While Hamas released several hostages during a temporary ceasefire in November, dozens remain in captivity. 

Richard Goldberg, a senior advisor at the Washington-based nonpartisan think tank Foundation for Defense of Democracies, told The Christian Post in a statement that he is not surprised by the news. 

"Sadly this has been rumored for quite some time and is not unexpected given both injuries sustained on October 7th and previous leaked intelligence showing Hamas murdered hostages while in captivity," he stated. "This should serve as a reminder of the kind of evil Israel is confronting — and reaffirm U.S. support for Israel finishing its military campaign to destroy Hamas."

The Israeli military told the NYT that it is "deploying all available resources to locate and retrieve as much information as possible regarding the hostages currently held by Hamas."

Israel Defense Forces Spokesman Rear Adm. Daniel Hagari said during a press conference that the IDF had notified the families of 31 hostages about the deaths of their loved ones, according to The Times of Israel.

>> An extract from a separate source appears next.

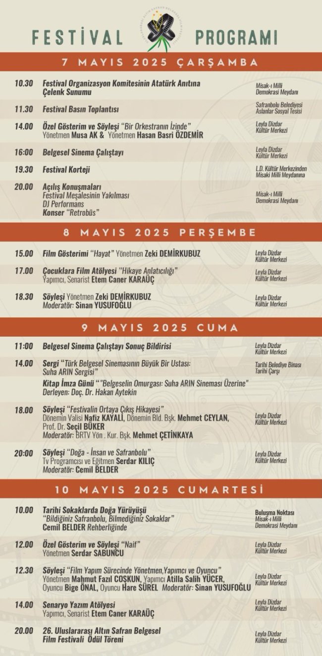Türkiye’nin belgesel sinema alanındaki en prestijli organizasyonlarından biri olan 26. Uluslararası Altın Safran Belgesel Film Festivali, Safranbolu’da coşkulu bir açılış töreniyle başladı. Kültür ve Turizm Bakanlığı Sinema Genel Müdürlüğü’nün destekleriyle, Safranbolu Belediyesi öncülüğünde düzenlenen festivalin açılışında sanat, kültür ve siyaset dünyasından birçok önemli isim yer aldı.

The spokesman stated that IDF is "working in all ways to return [the hostages] home, and exhausting all information about them and their conditions." 

"The IDF is accompanying the families of the hostages in these complex and difficult days, and our representatives are providing the families with any confirmed information on their loved ones," Hagari stated. 

The latest news about the hostages comes as Hamas has proposed a ceasefire agreement that would include three phases for the captives' release, with each stage lasting 45 days. The proposal is a response to Qatari and Egyptian mediators supported by the United States and Israel. 

A draft of the proposal seen by Reuters proposes the release of all Israeli women hostages, males under 19 and the elderly and sick during the first phase. The second would include the release of the remaining male hostages, while the third would consist of the exchange of bodies and remains. 

On Wednesday, Israeli Prime Minister Benjamin Netanyahu called the proposal "delusional," stressing his government's commitment to eradicate Hamas.

"Capitulating to Hamas' delusional demands will not lead to the release of the hostages but only invite another massacre and another catastrophe for Israel," Netanyahu said during a press conference.

Under the agreement, Israel would have to release Palestinian prisoners held in Israeli jails and withdraw troops from populated areas, according to the draft. In an addendum to the proposal, Hamas demanded the release of 1,500 prisoners from Israeli jails. The second phase would not begin until "indirect talks over the requirements needed to end the mutual military operations and return to complete calm," according to Reuters.

Earlier this week, the prime minister visited the 8104th Battalion of the 179th Brigade at the IDF Armored Corps Memorial, where he stated that "total victory" in the war with Hamas is "essential."

"I told your commanders that several days ago, I received a cap with two words on it: 'Total victory.' This is the essence of our policy — total victory over Hamas," Netanyahu said.

"Total victory is essential because it ensures the security of Israel. Total victory is the only way in which we can ensure additional historic peace agreements, which await," he continued. "Total victory will strike a mortal blow against the axis of evil: Iran, Hezbollah, the Houthis and — of course — Hamas."